# Description of the task:
For this task, output exactly the lines of the material below starting at the line with "学子们不辞辛劳的举动也让大量" and ending at the line with "Glue all the"; pictures are to be excluded.

# Dataset excerpts:
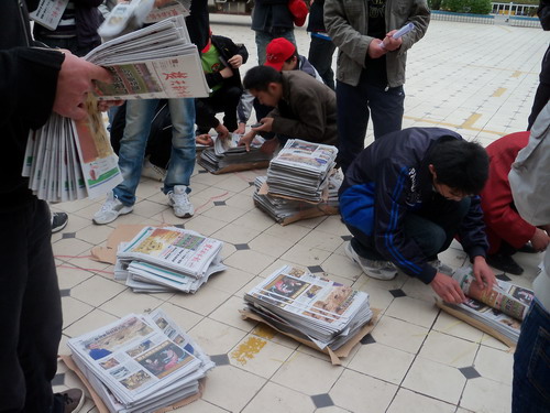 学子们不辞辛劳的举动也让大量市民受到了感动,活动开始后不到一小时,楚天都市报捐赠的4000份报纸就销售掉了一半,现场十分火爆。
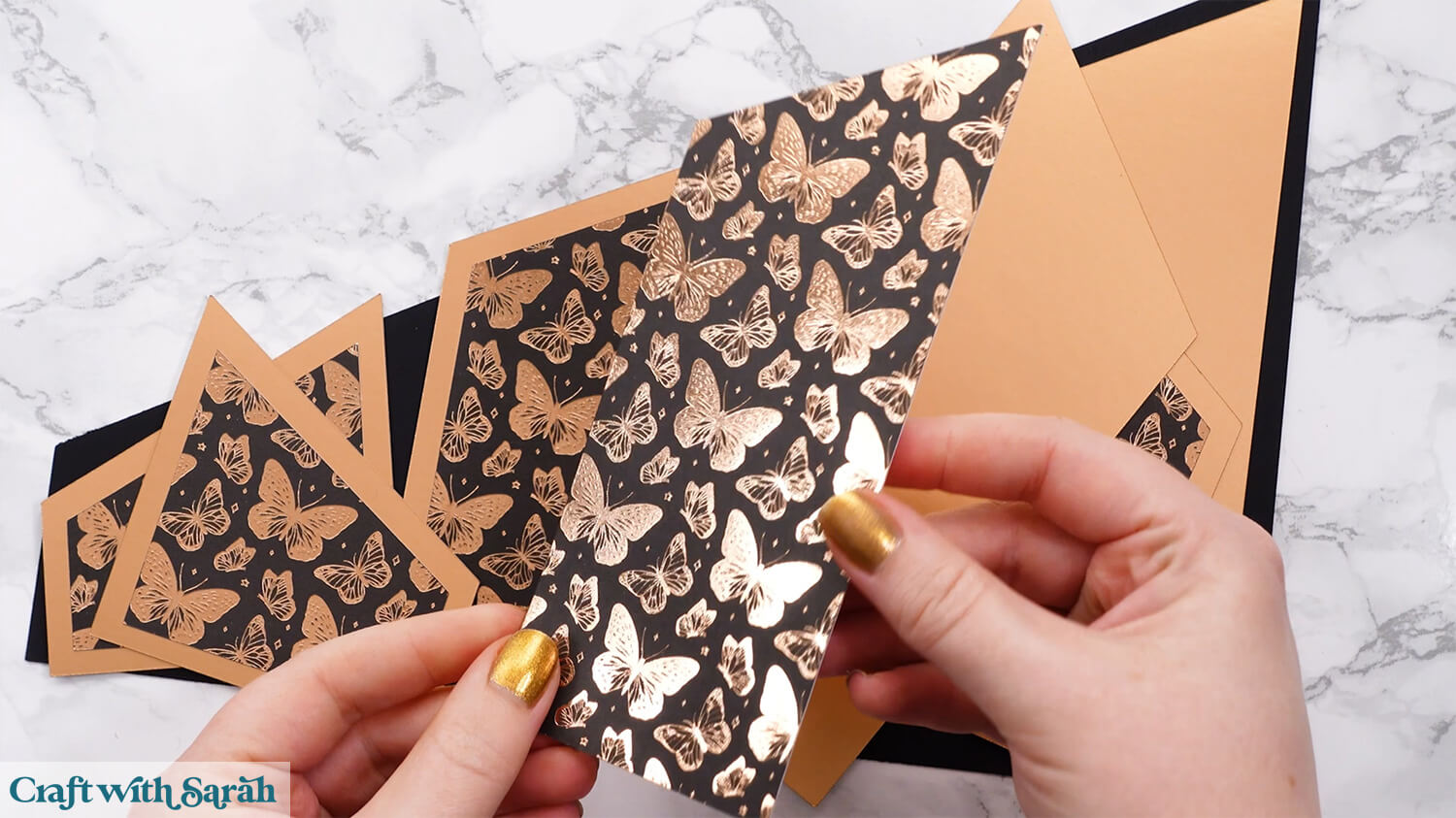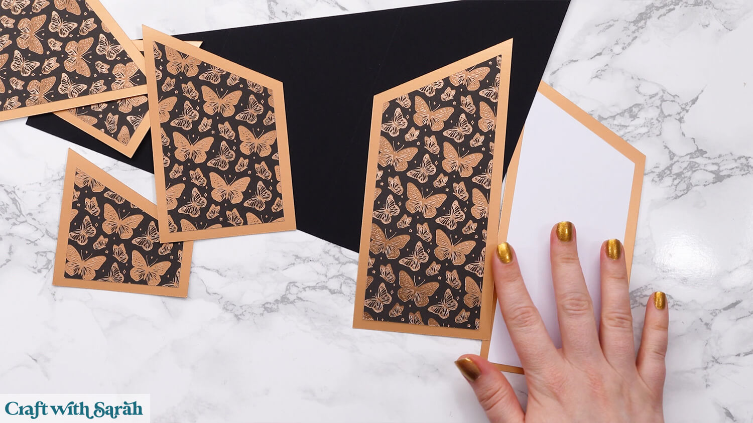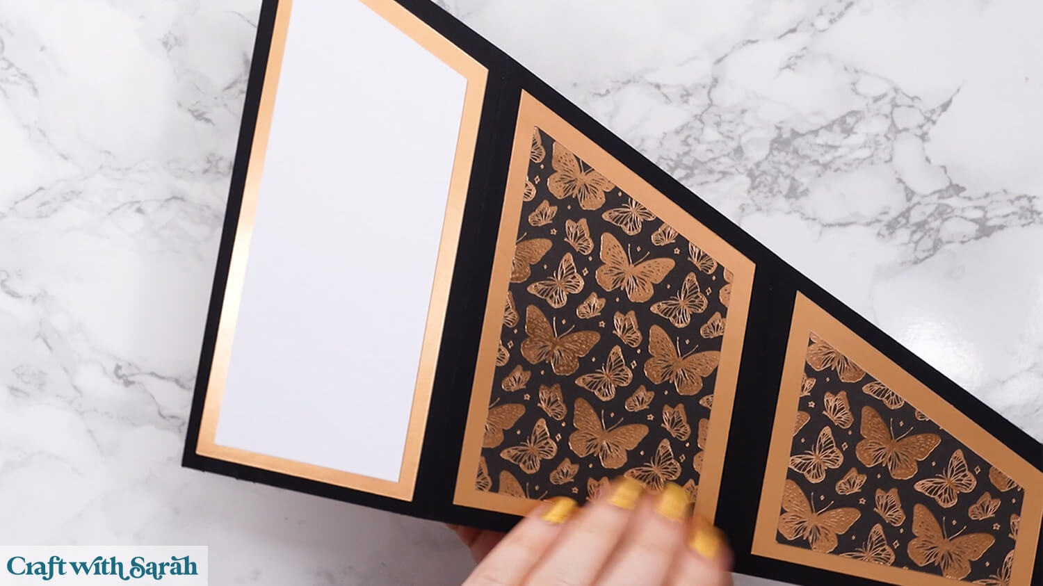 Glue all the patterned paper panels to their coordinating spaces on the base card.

--

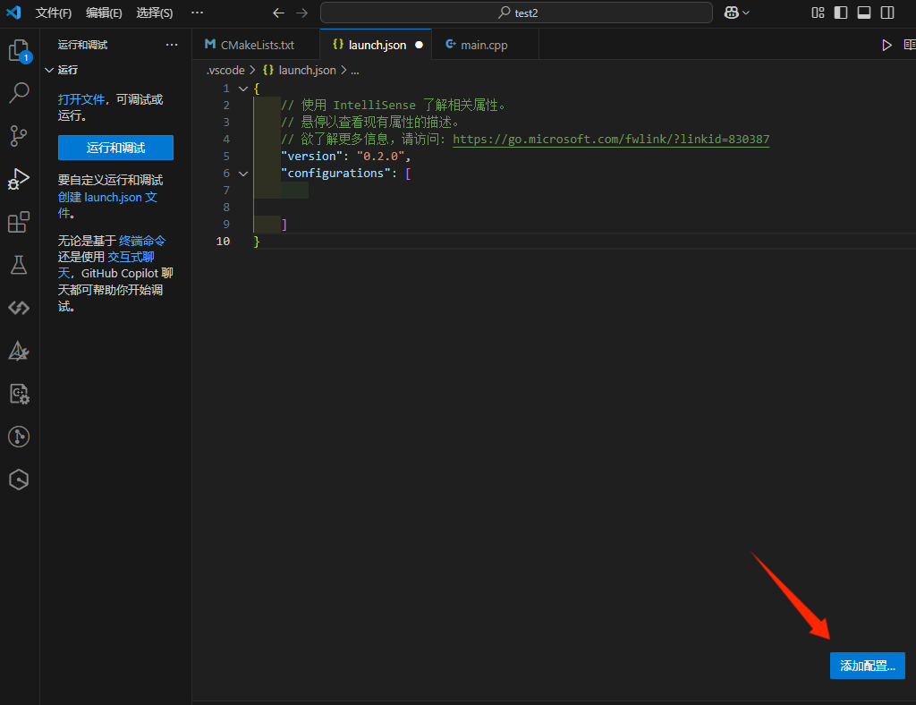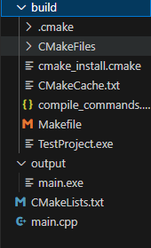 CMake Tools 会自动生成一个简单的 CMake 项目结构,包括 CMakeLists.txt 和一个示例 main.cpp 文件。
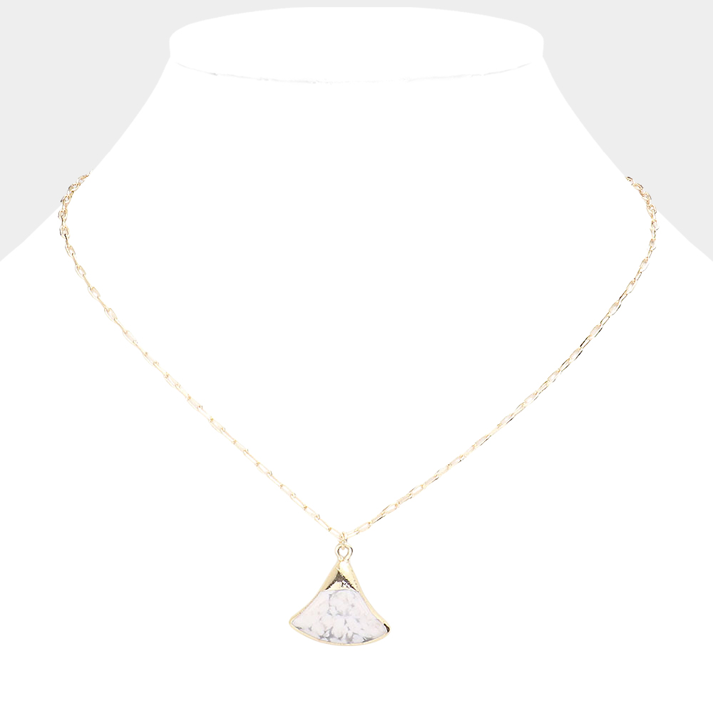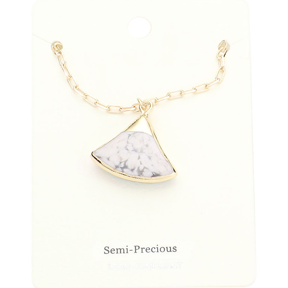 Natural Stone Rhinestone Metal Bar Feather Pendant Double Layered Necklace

...

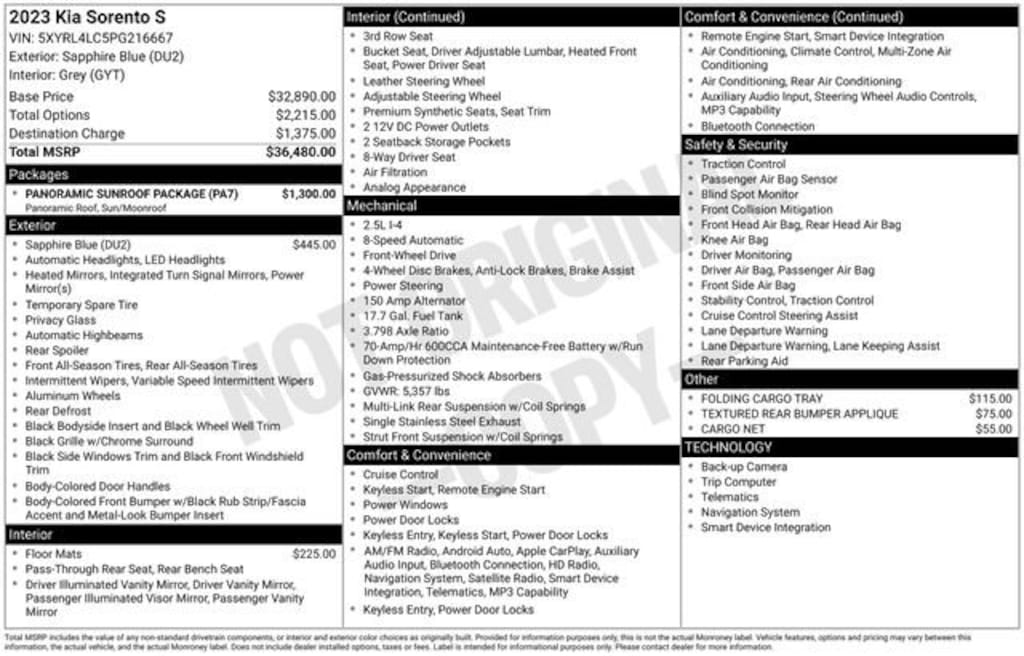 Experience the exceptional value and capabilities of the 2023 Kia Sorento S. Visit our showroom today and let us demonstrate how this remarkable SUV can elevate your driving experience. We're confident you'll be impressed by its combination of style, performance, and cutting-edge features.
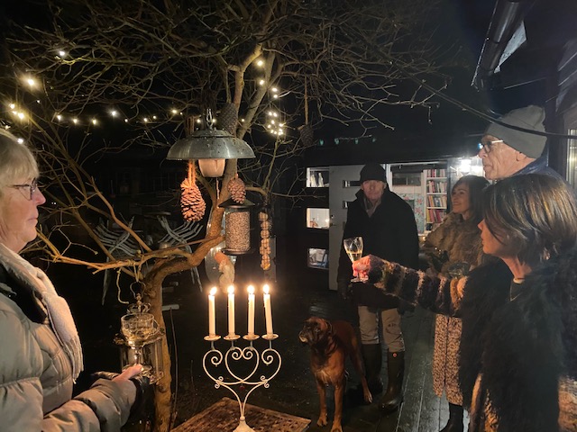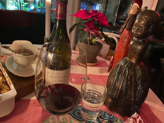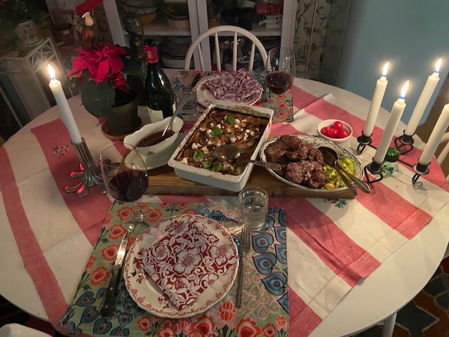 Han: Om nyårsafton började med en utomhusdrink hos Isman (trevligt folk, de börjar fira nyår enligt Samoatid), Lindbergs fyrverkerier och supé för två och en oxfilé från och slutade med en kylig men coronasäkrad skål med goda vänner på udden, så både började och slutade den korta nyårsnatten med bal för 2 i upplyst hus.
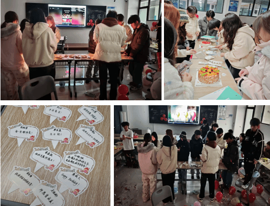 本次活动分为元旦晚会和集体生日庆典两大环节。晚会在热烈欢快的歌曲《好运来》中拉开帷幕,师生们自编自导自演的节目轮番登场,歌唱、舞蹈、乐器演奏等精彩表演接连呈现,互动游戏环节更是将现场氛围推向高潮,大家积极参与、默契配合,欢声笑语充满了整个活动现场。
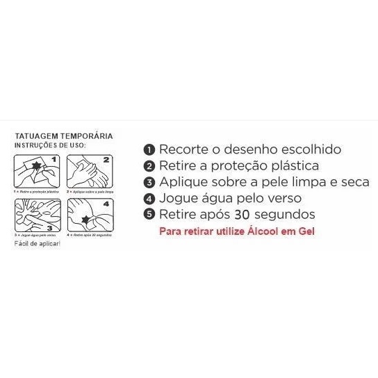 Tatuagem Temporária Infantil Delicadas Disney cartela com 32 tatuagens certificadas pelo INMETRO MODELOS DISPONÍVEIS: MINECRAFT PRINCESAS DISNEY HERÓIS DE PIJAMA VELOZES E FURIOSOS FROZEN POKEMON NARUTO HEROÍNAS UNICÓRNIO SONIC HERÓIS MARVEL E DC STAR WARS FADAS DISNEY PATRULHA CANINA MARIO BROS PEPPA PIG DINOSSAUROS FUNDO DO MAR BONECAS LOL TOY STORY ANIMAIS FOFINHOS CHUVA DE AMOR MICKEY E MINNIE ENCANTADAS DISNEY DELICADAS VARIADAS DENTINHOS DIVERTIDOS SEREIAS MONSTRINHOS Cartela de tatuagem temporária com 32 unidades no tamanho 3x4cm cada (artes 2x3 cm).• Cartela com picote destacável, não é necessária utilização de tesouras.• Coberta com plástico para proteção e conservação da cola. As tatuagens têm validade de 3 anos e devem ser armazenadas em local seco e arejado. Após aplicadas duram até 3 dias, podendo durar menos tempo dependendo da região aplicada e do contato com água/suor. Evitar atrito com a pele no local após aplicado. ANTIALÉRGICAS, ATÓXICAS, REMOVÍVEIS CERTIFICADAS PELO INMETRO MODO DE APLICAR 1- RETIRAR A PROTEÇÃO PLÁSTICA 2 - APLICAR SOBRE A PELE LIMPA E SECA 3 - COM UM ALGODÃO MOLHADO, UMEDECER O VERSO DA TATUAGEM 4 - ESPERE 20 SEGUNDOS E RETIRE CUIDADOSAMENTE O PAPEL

# Answer to the exercise:
 学子们不辞辛劳的举动也让大量市民受到了感动,活动开始后不到一小时,楚天都市报捐赠的4000份报纸就销售掉了一半,现场十分火爆。
 Glue all the patterned paper panels to their coordinating spaces on the base card.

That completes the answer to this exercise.